I was given a room on the hundredth floor; from it I could see only the top of the bluish brown cloud of smog that coiled about the city. Some of the hotel furnishings puzzled me - the ten-foot crowbar propped up in a corner of the jade and jasper bathroom, for example, or the khaki camouflage cape in the closet, the sack of hardtack under the bed. Over the tub, next to towels, hung an enormous spool of standard Alpine rope, and on the door was a card which I first noticed when I went to triple lock the super-yale. It read: "This Room Guaranteed BOMB-FREE. From the Management."

It is common knowledge that there are two kinds of scholar these days: the stationary and the peripatetic. The stationaries pursue their studies in the traditional way, while their restless colleagues participate in every sort of international seminar and symposium imaginable. The scholar of this second type may be readily identified: in his lapel he wears a card bearing his name, rank and home university, in his pocket sticks a flight schedule of arrivals and departures, and the buckle on his belt - as well at the snaps on his briefcase - are plastic, never metal, so not to trigger unnecessarily the alarms of the airport scanners that search boarding passengers for weapons. Our peripatetic scholar keeps up with the literature of his field by studying in buses, waiting rooms, planes and hotel bars. Since I was - naturally enough - unacquainted with many of the recent customs of Earth I set off alarms in the airports of Bangkok, Athens and Costa Rica itself having six amalgam fillings in my mouth. These I was planning to replace with porcelain in Nounas, but the events that followed so unexpectedly made that quite impossible. As for the Alpine rope, the crowbar, the hardtack and the camouflage cape, one of the members of the American delegation of futurologists patiently explained to me that today's hotels take safety precautions unknown in earlier times. Each of the above items, when included in the room, significantly increases the life expectancy of the occupant. How foolish it was of me not to have taken those words more seriously!

The sessions were scheduled to begin in the afternoon of the first day, and that morning we all received complete programs of the conference; the materials were handsomely printed up, elegantly bound, with numerous charts end illustrations. I was particularly intrigued by a booklet of embossed sky-blue coupons, each stamped: "Good for One Intercourse." (...)

That morning - the Management treated us all to free drinks. This little ceremony took place without incident, barring the fact that a few rotten tomatoes were thrown at the Unites States contingent. I was sipping my Martini when I learned from Jim Stantor, a well-known UPI reporter, that a consul and a grade-three attaché of the American Embassy in Costa Rica had been kidnapped at dawn.

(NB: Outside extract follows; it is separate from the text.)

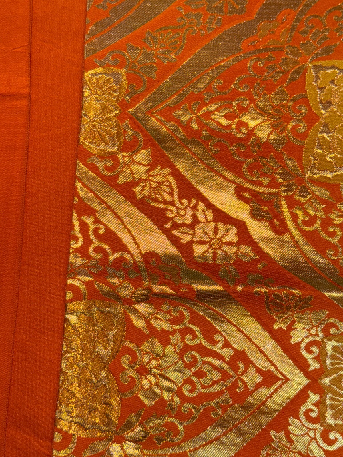 Japanese Vintage Kimono Fukuro Obi silk orange expensive embroidery 155.9x12.2in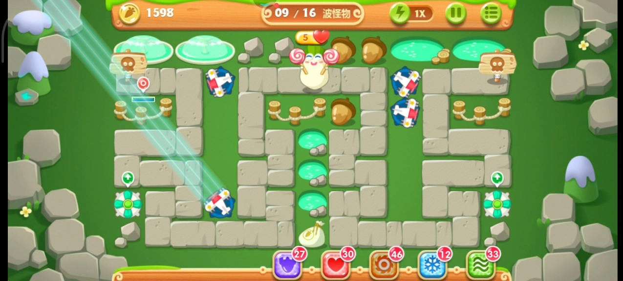 合理运用炮塔:挑选适配当前关卡的炮塔搭配是核心要点。比如,借助太阳花实现群体伤害,利用瓶子炮提升攻击速度,通过魔法球完成单体高额伤害输出,依靠月亮达成群体减速效果等。

The abductors were demanding the release of all political prisoners in exchange for the diplomats. To show they meant business, these extremists had already delivered individual teeth of their hostages to the Embassy and various government offices, promising an anatomical escalation. Still, this contretemps did not mar the cordial atmosphere of our morning get-together. The United States ambassador himself was there, and gave a short speech on the need for international cooperation - short, as he was surrounded by six muscular plainclothesmen who kept their guns trained on us all the time. I was rather disconcerted by this, especially when the dark-skinned delegate from India standing next to me had to wipe his nose and reached for the handkerchief in his back pocket. The official spokesman for the Futurological Association assured me afterwards that the measures taken had been both necessary and humane. Bodyguards now employ weapons of high caliber and low penetration, the kind security agents carry on board passenger flights in order that innocent bystanders not be harmed. In the old days it often happened that the bullet which felled the would-be assassin would subsequently pass through five or even six persons who, though minding their own business, were standing directly behind him. Still, the sight of a man at your side crumpling to the floor under heavy fire is not among the most pleasant, even if it is the result of a simple misunderstanding, which ends with an exchange of diplomatic notes and official apologies.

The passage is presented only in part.